TECHNOLOGY

Why cows may be hiding something but AI can spot it

In Summary
  • A human might not notice that something is wrong but the machine picks it up.
  • About 20,000 cows are currently under the system's watch.
Dairy cows at a farm in Miteero village, Gatundu North subcounty. Cattle theft in the area has been on the rise.
Dairy cows at a farm in Miteero village, Gatundu North subcounty. Cattle theft in the area has been on the rise.
Image: JOHN KAMAU

As cow number 2073 makes her way out of the milking shed and passes in front of a nearby camera, the computer identifies her and watches every step.

She is only on-screen briefly but there is a slight unevenness to her gait, which she is trying to hide.

A human might not notice that something is wrong but the machine picks it up.

"Really, we want to completely replace any manual watching of animals when the cow sleeps, or she eats," says Terry Canning, co-founder and chief executive of CattleEye.

His firm's technology automatically detects early signs of lameness in cattle. It is confined to milking sheds, for now, but is already being rolled out on dairy farms, mostly in the US and UK.

About 20,000 cows are currently under the system's watch.

Farms are increasingly turning to automation for many reasons - among them, to cover labour shortages. But new tech also offers potential improvements in animal welfare and a reduction in emissions, says Canning.

"We've actually calculated, that if you can reduce lameness levels by 10% on a farm, there's a saving of half a tonne of carbon per cow per year," he explains.

Lameness is caused by injuries or infections and can be very painful. Lame cows produce less milk and if it goes untreated it can mean that they end up being culled.

University of Liverpool researchers have studied CattleEye's system on three farms to check its accuracy.

In research funded by the firm (which is yet to be peer-reviewed), Prof George Oikonomou and his team compared mobility scores for cattle made by two human experts with those made by CattleEye.

They found that the technology was roughly 80-90% in agreement with the two experts - in terms of judging which animals were lame.

When 84 of the cows were subsequently checked for foot problems, the researchers found the AI system had performed slightly better than a human expert in terms of selecting those that had tissue damage in their hooves among the animals it had designated as lame.

A separate study, also led by Prof Oikonomou but funded by the Welsh government's Farming Connect scheme, found the introduction of CattleEye at one Welsh dairy farm with 300 cows, saw the proportion of animals with mobility issues fall from 25.4% to 13.5% after six months.

CattleEye is just one system bringing higher levels of automated surveillance to farms.

Other devices for tracking their health include Moocall sensors.

These are strapped to a cow's tail and indicate when they are about to give birth.

The sensors pick up a characteristic up and down motion of the cow's tail that occurs prior to calving.

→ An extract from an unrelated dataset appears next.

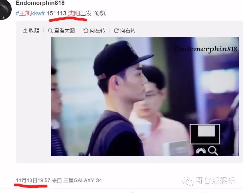 11月13日王凱從沈陽飛往上海,同樣有粉絲在沈陽機場看到王凱,所以11月12日王凱只能是在沈陽

Yet, there are plenty of farms that have not yet adopted these technologies. Dr Sarah Lloyd, her husband and family, run a farm in rural Wisconsin with about 400 cows. All of the milk they produce goes for cheese production.

"The cost of the technology just can't be borne by our milk price," she says. Her husband Nels Nelson prefers to work "with his sleeves rolled up" rather than rely on machines, she adds. He's not anti-tech but the family doesn’t see a benefit in investing in AI-based systems.

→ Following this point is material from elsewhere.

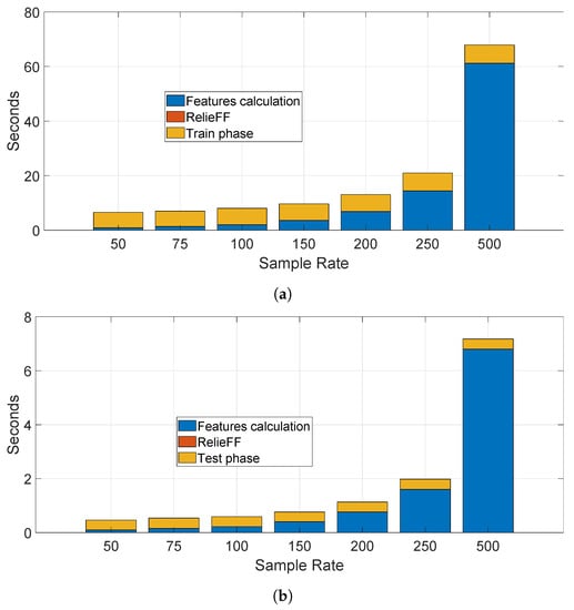 Time needed to execute the statistical features approach (sample rate in Hz). (a) Time needed to execute the training phase using the statistical features approach and the Ada Boost algorithm; (b) Time needed to execute the testing phase using the statistical features approach and the Ada Boost algorithm.

Others take a different view. Jeffrey Bewley is an analytics and innovation scientist at the dairy cattle breed organisation, Holstein Association USA. He grew up on a Kentucky dairy farm and has studied the industry "my entire life". He has done some consulting work for farm tech firms, though not for CattleEye.

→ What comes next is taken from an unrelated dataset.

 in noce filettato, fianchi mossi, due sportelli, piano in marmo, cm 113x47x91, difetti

He says there are tell-tale signs of lameness in cattle that farmers will spot - cow's back might arch a little bit, her head may bob or the length of her strides will get noticeably longer or shorter.

But lameness is something that cows naturally try to hide because they have evolved as prey animals. So, technology that helps the farmer spot the earliest subtle signs of lameness could be useful, he explains.

The animal charity RSPCA says it welcomes new technologies for monitoring cattle, as identifying lameness can be quite subjective for human observers and so such systems could make mobility scoring more accurate.

But the organisation says that since these are novel technologies and their validity is still developing "they cannot replace regular mobility scoring using a valid, reproducible method".

AI will gradually play a bigger role on our farms - but exactly to what extent is unclear, and whether it will really improve conditions for the animals themselves?

"I've been in several bulk barns, several dairies that are shifted to robotics and the cows are just friendlier. You can walk among them and they don't seem to be excited at all," says Jack Britt, professor emeritus at North Carolina State University, who has consulted for various farm tech companies.

Yet, not all interventions have to be high-tech. Simply adding grooves to the concrete on which cows walk to and from the milking shed, can improve their stability and reduce their chance of becoming lame, he says.

Nonetheless, he predicts in 50 years' machines will replace time 90% of the human labour on farms.

It is not a vision shared by Lloyd. While she accepts it can be challenging to find human farmworkers, she would rather keep trying than turn to machines. "I'd prefer to have more human eyes working on farms and making a living," she says.

"That's important for the economic life and social life of our community."